From 081845b35be34d825795408607f30d8725a1386a Mon Sep 17 00:00:00 2001 From: =?UTF-8?q?=E5=91=A8=E9=80=B8=E8=BD=A9?= Date: Tue, 16 Sep 2025 13:24:30 +0800 Subject: [PATCH] FX: readme description --- README.md | 73 +++++++++++++----------- src/voxcpm/modules/locdit/unified_cfm.py | 2 +- 2 files changed, 41 insertions(+), 34 deletions(-) diff --git a/README.md b/README.md index b4cb85f..a5262b5 100644 --- a/README.md +++ b/README.md @@ -1,7 +1,7 @@ ## 🎙️ VoxCPM: Tokenizer-Free TTS for Context-Aware Speech Generation and True-to-Life Voice Cloning -[![Project Page](https://img.shields.io/badge/Project%20Page-GitHub-blue)](https://github.com/OpenBMB/VoxCPM/) [![Hugging Face](https://img.shields.io/badge/%F0%9F%A4%97%20Hugging%20Face-OpenBMB-yellow)](hhttps://huggingface.co/openbmb/VoxCPM-0.5B) [![Live Playground](https://img.shields.io/badge/Live%20PlayGround-Demo-orange)](https://huggingface.co/spaces/OpenBMB/VoxCPM-Demo) [![Samples](https://img.shields.io/badge/Page-Samples-red)](https://thuhcsi.github.io/VoxCPM/) +[![Project Page](https://img.shields.io/badge/Project%20Page-GitHub-blue)](https://github.com/OpenBMB/VoxCPM/) [![Hugging Face](https://img.shields.io/badge/%F0%9F%A4%97%20Hugging%20Face-OpenBMB-yellow)](https://huggingface.co/openbmb/VoxCPM-0.5B) [![Live Playground](https://img.shields.io/badge/Live%20PlayGround-Demo-orange)](https://huggingface.co/spaces/OpenBMB/VoxCPM-Demo) [![Samples](https://img.shields.io/badge/Page-Samples-red)](https://thuhcsi.github.io/VoxCPM/)
@@ -9,17 +9,17 @@
## News -* [2025.09.16] 🔥 🔥 🔥 We Open Source the VoxCPM-0.5B weights! +* [2025.09.16] 🔥 🔥 🔥 We Open Source the VoxCPM-0.5B [weights](https://huggingface.co/openbmb/VoxCPM-0.5B)! * [2025.09.16] 🎉 🎉 🎉 We Provide the [Gradio PlayGround](https://huggingface.co/spaces/OpenBMB/VoxCPM-Demo) for VoxCPM-0.5B, try it now! ## Overview VoxCPM is a novel tokenizer-free Text-to-Speech (TTS) system that redefines realism in speech synthesis.
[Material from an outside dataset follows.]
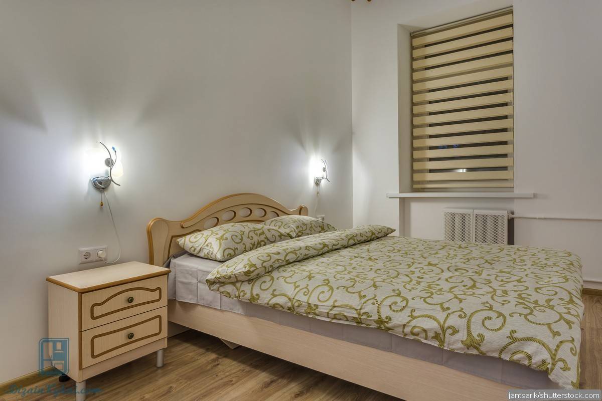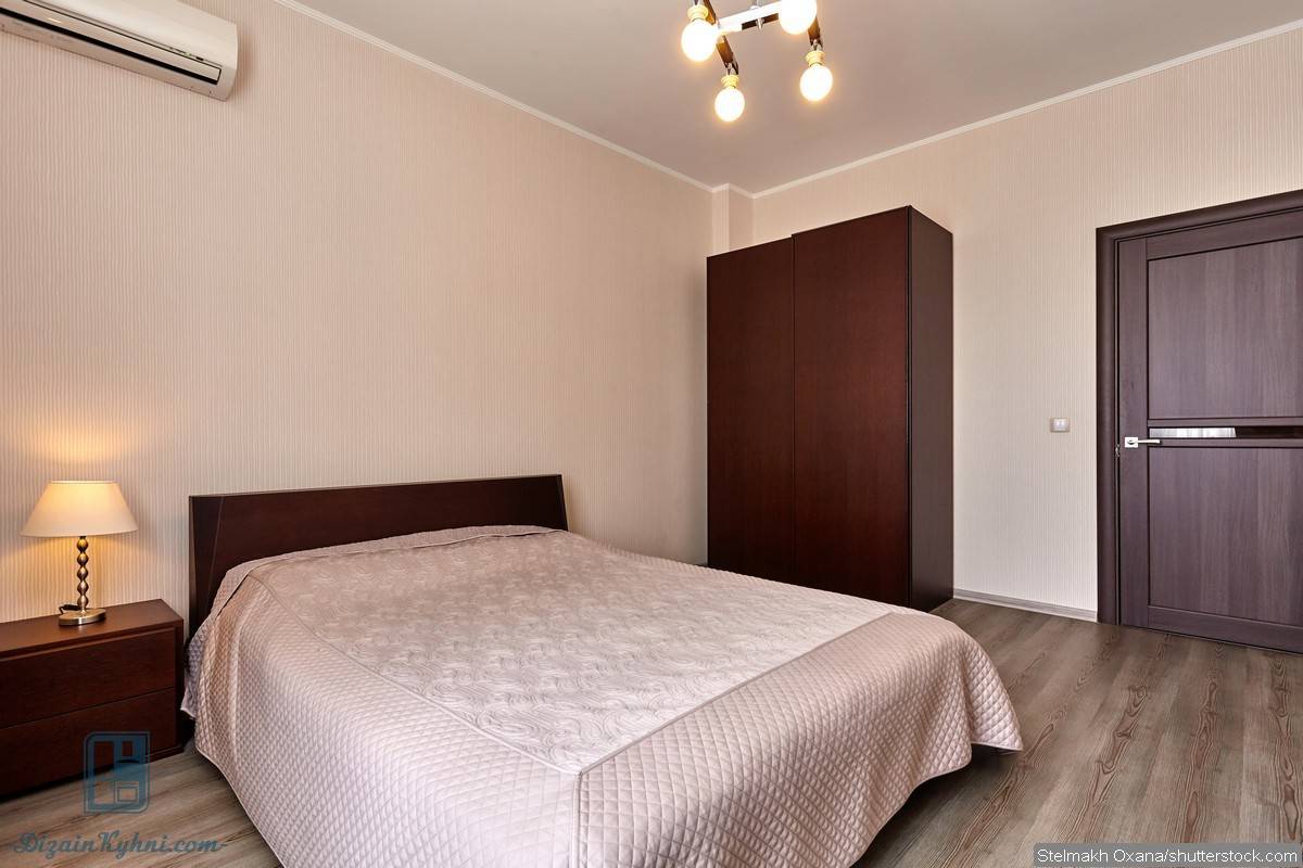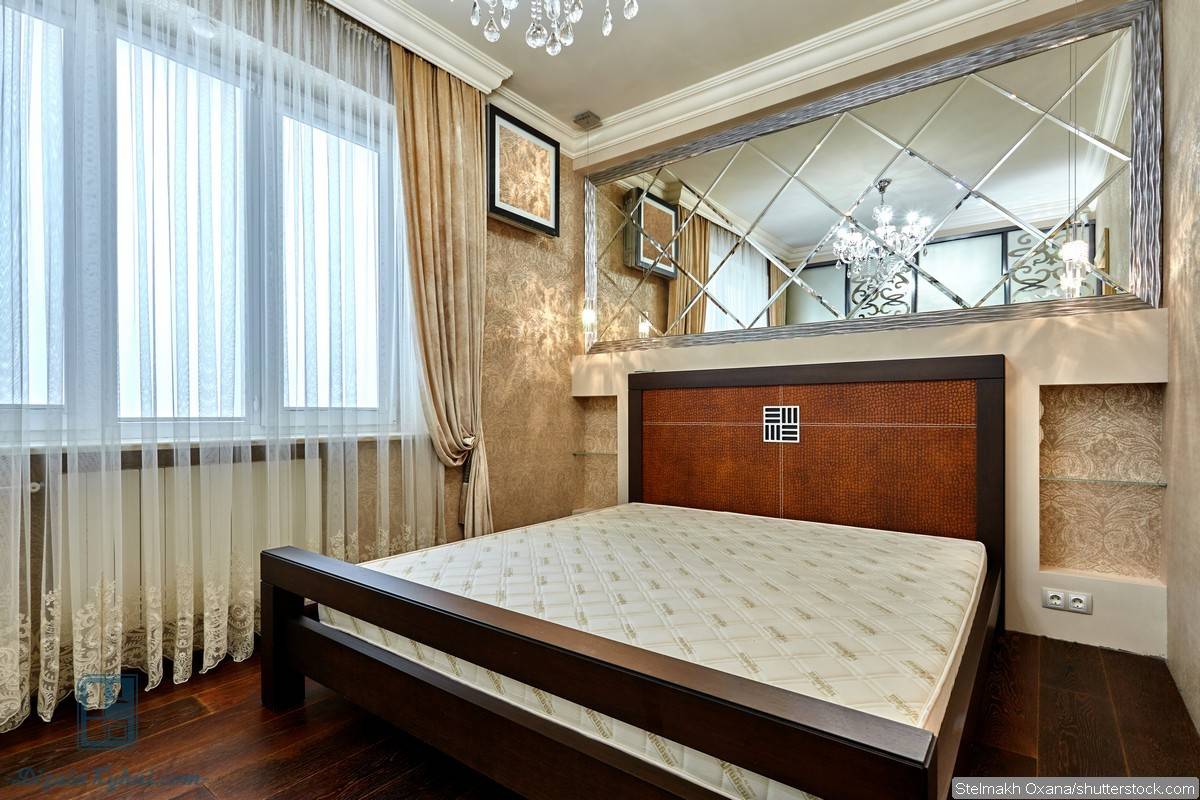 Кровать – основной элемент интерьера. Хорошо, если она будет без высоких ножек или опорных конструкций, на платформе, например. Роскошных изголовий и широких спинок лучше тоже избегать. Желательно выбирать модель со встроенными ящиками.

By modeling speech in a continuous space, it overcomes the limitations of discrete tokenization and enables two flagship capabilities: context-aware speech generation and true-to-life zero-shot voice cloning. -Unlike mainstream approaches that convert speech to discrete tokens, VoxCPM uses an end-to-end diffusion autoregressive architecture that directly generates continuous speech representations from text. Built on [MiniCPM-4](https://huggingface.co/openbmb/MiniCPM4-0.5B), it achieves implicit semantic-acoustic decoupling through hierachical language modeling and FSQ constraints, greatly enhancing both expressiveness and generation stability. +Unlike mainstream approaches that convert speech to discrete tokens, VoxCPM uses an end-to-end diffusion autoregressive architecture that directly generates continuous speech representations from text. Built on [MiniCPM-4](https://huggingface.co/openbmb/MiniCPM4-0.5B) backbone, it achieves implicit semantic-acoustic decoupling through hierachical language modeling and FSQ constraints, greatly enhancing both expressiveness and generation stability.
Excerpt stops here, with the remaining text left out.